## Work request
Would you repeat word for word the lines of the listing that follows, from the one with "Lãnh đạo xã" up to and including the one with "保驾护航装修网站合作可靠吗(请问保驾护航装修网怎么样)", and leave out the images?

## Records shown
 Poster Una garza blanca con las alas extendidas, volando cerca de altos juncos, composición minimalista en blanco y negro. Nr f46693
--
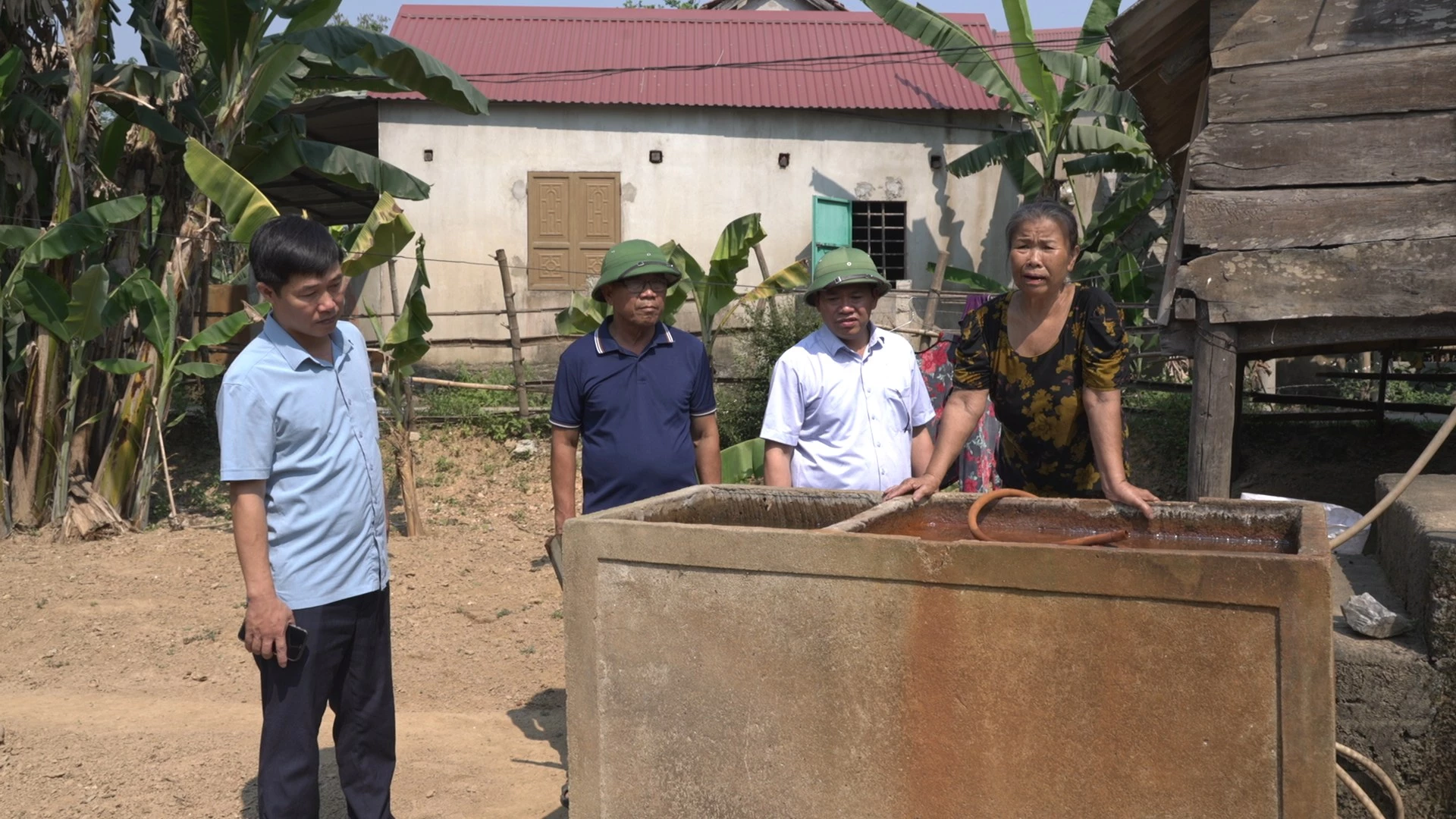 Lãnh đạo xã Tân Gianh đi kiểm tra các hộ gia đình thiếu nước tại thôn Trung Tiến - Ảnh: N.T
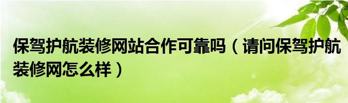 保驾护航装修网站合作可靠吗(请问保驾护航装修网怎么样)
...
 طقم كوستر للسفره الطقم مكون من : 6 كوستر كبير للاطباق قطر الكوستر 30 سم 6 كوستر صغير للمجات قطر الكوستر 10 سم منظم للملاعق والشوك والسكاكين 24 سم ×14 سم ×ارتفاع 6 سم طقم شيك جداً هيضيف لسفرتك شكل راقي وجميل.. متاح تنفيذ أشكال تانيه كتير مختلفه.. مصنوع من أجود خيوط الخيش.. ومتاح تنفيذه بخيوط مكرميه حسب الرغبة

## Your response
 Lãnh đạo xã Tân Gianh đi kiểm tra các hộ gia đình thiếu nước tại thôn Trung Tiến - Ảnh: N.T
 保驾护航装修网站合作可靠吗(请问保驾护航装修网怎么样)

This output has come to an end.